In Study 3, we tested for possible relationships between vocal attractiveness and both fundamental frequency (i.e., pitch) and formant frequencies. We first replicated the well-established findings that male voices tend to have significantly lower fundamental frequencies and significantly lower formant frequencies than female voices10,11,12,13. Consistent with previous work, we also found that more attractive male voices tended to have lower fundamental frequencies12,14,15,16,17 and that more attractive female voices tended to have higher fundamental frequencies5,14,15,18,19,20,21. That the negative effect of pitch on male vocal attractiveness was greater than the positive effect of pitch on female vocal attractiveness is also consistent with previous work7. By contrast with our results for fundamental frequency, formant frequencies did not predict either male or female vocal attractiveness in our study12,13,14,15,16,17,18,19,20,21,22,23,24. Thus, although we do not replicate a significant effect of averaging voices on attractiveness ratings, we do replicate the previously reported effect of voice pitch (i.e., it does not appear that there is something inherently unusual or atypical about this particular sample of raters or voices). Others have used voice cloning to create average voices using different speech types (phonemes, non-words, and sentences)43.
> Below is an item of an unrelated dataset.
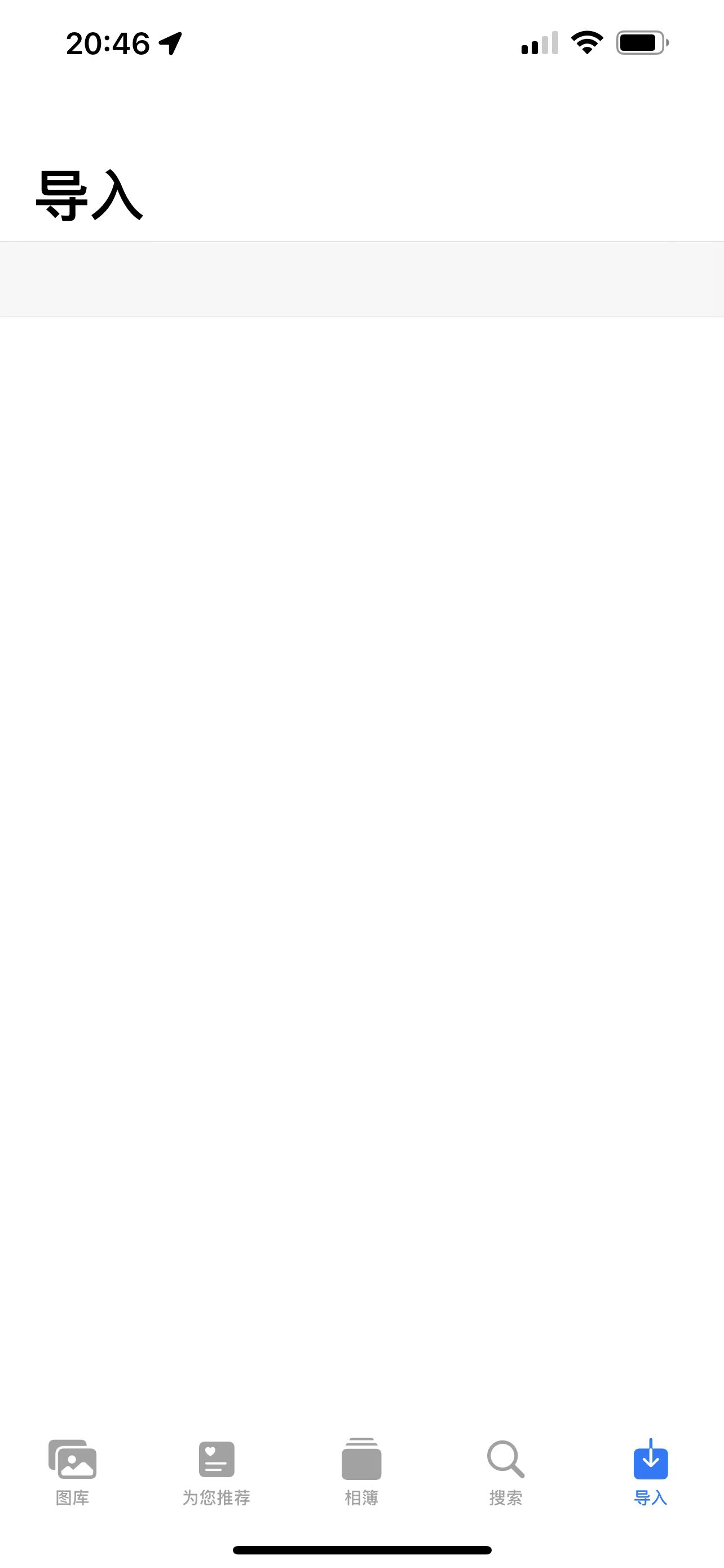 我的设备是iPhone13promax(版本15.4.1),把SD卡用读卡器连接我的iPhone之后照片里面底下出现有导入,但是一张照片都不显示,如图
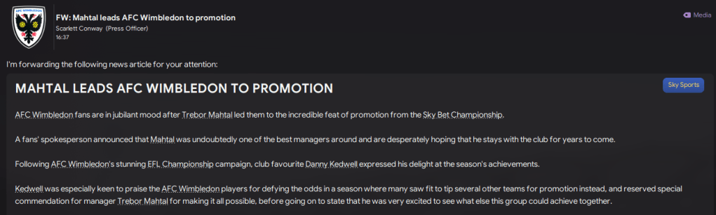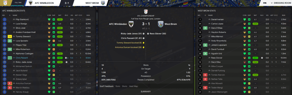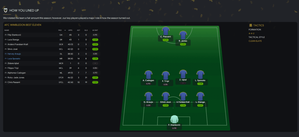 Jones was the top scorer with 29 in 43. I repeat. Ricky-Jade Jones was the top scorer in the Championship! He also had a league-high 10 player of the match awards and his average rating of 7.35 was only bettered by Ipswich’s Kerr Smith. Sposato’s 11 assists was only bettered by Bristol City’s Jay Dasilva. Tripi had the worst discipline in the league with 14 bookings and 2 red cards but Cadogan won the most tackles (131). I won Manager of the Year and Stankovic, Sposato and Jones were named in Players’ Team of the Year.

To summarize, although we found that increasing vocal averageness significantly decreased distinctiveness ratings (Study 1), we found no evidence that increasing vocal averageness significantly increased attractiveness ratings (Study 2). While these results show that participants could, on average, detect our averageness manipulation in the testing paradigm employed, the null results for attractiveness contrast with the finding that increasing vocal averageness increased attractiveness25. We also found that fundamental frequency (but not formant frequencies) significantly predicted vocal attractiveness, being negatively correlated with male vocal attractiveness and positively correlated with female vocal attractiveness (Study 3). Thus, while we found no evidence that averageness significantly increased vocal attractiveness, our results are consistent with the claim that pitch influences attractiveness judgments of voices.